For this exercise, transcribe all the entries exactly as given and omit the images.
(INPUT RECORDS)
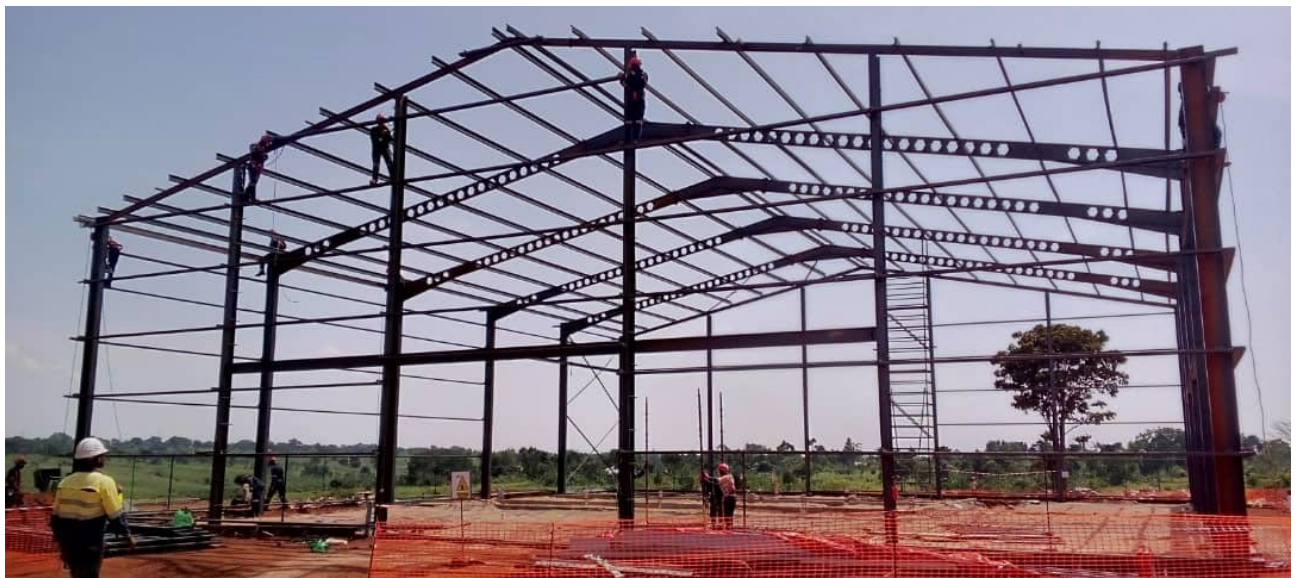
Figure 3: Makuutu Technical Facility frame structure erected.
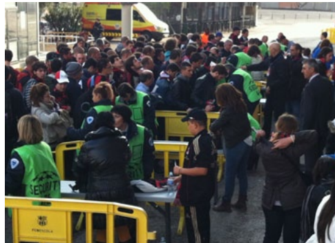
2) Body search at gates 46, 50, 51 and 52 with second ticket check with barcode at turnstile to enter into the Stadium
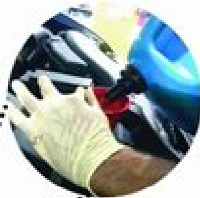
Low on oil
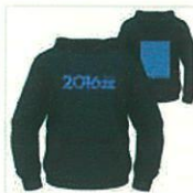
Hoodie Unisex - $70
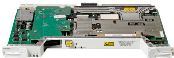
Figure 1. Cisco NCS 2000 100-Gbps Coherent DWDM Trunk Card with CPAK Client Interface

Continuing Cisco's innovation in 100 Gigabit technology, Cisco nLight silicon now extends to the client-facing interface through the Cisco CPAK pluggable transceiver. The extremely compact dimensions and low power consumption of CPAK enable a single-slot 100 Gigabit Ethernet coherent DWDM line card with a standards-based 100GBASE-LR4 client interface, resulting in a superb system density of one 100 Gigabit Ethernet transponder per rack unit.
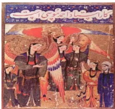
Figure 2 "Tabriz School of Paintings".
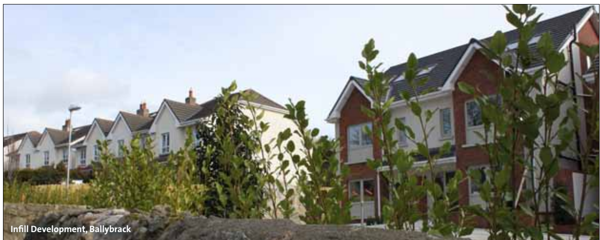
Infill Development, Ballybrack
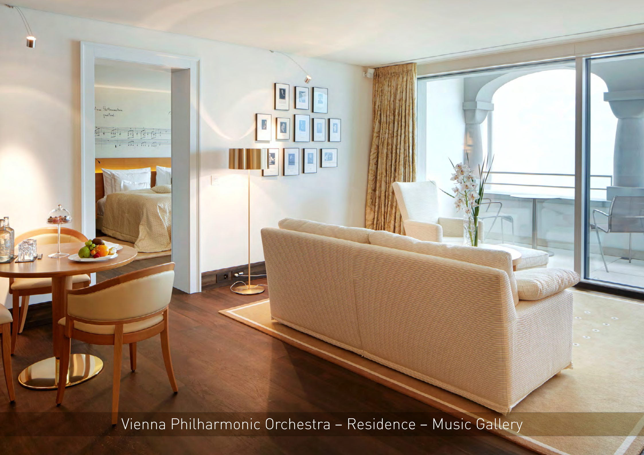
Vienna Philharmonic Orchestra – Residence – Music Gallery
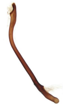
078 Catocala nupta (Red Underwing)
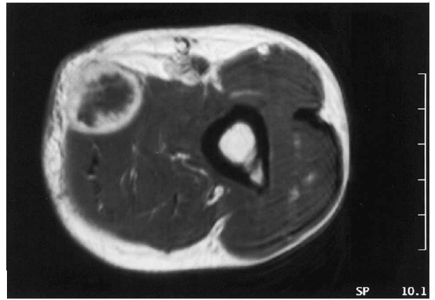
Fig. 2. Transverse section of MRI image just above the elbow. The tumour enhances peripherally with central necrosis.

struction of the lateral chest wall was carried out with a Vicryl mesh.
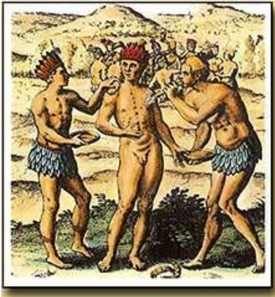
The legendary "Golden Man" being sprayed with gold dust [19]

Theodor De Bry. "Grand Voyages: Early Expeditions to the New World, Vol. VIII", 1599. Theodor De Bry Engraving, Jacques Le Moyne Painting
(End INPUT RECORDS)
### ANSWER TO THE EXERCISE
Figure 3: Makuutu Technical Facility frame structure erected.
2) Body search at gates 46, 50, 51 and 52 with second ticket check with barcode at turnstile to enter into the Stadium
Low on oil
Hoodie Unisex - $70
Figure 1. Cisco NCS 2000 100-Gbps Coherent DWDM Trunk Card with CPAK Client Interface

Continuing Cisco's innovation in 100 Gigabit technology, Cisco nLight silicon now extends to the client-facing interface through the Cisco CPAK pluggable transceiver. The extremely compact dimensions and low power consumption of CPAK enable a single-slot 100 Gigabit Ethernet coherent DWDM line card with a standards-based 100GBASE-LR4 client interface, resulting in a superb system density of one 100 Gigabit Ethernet transponder per rack unit.
Figure 2 "Tabriz School of Paintings".
Infill Development, Ballybrack
Vienna Philharmonic Orchestra – Residence – Music Gallery
078 Catocala nupta (Red Underwing)
Fig. 2. Transverse section of MRI image just above the elbow. The tumour enhances peripherally with central necrosis.

struction of the lateral chest wall was carried out with a Vicryl mesh.
The legendary "Golden Man" being sprayed with gold dust [19]

Theodor De Bry. "Grand Voyages: Early Expeditions to the New World, Vol. VIII", 1599. Theodor De Bry Engraving, Jacques Le Moyne Painting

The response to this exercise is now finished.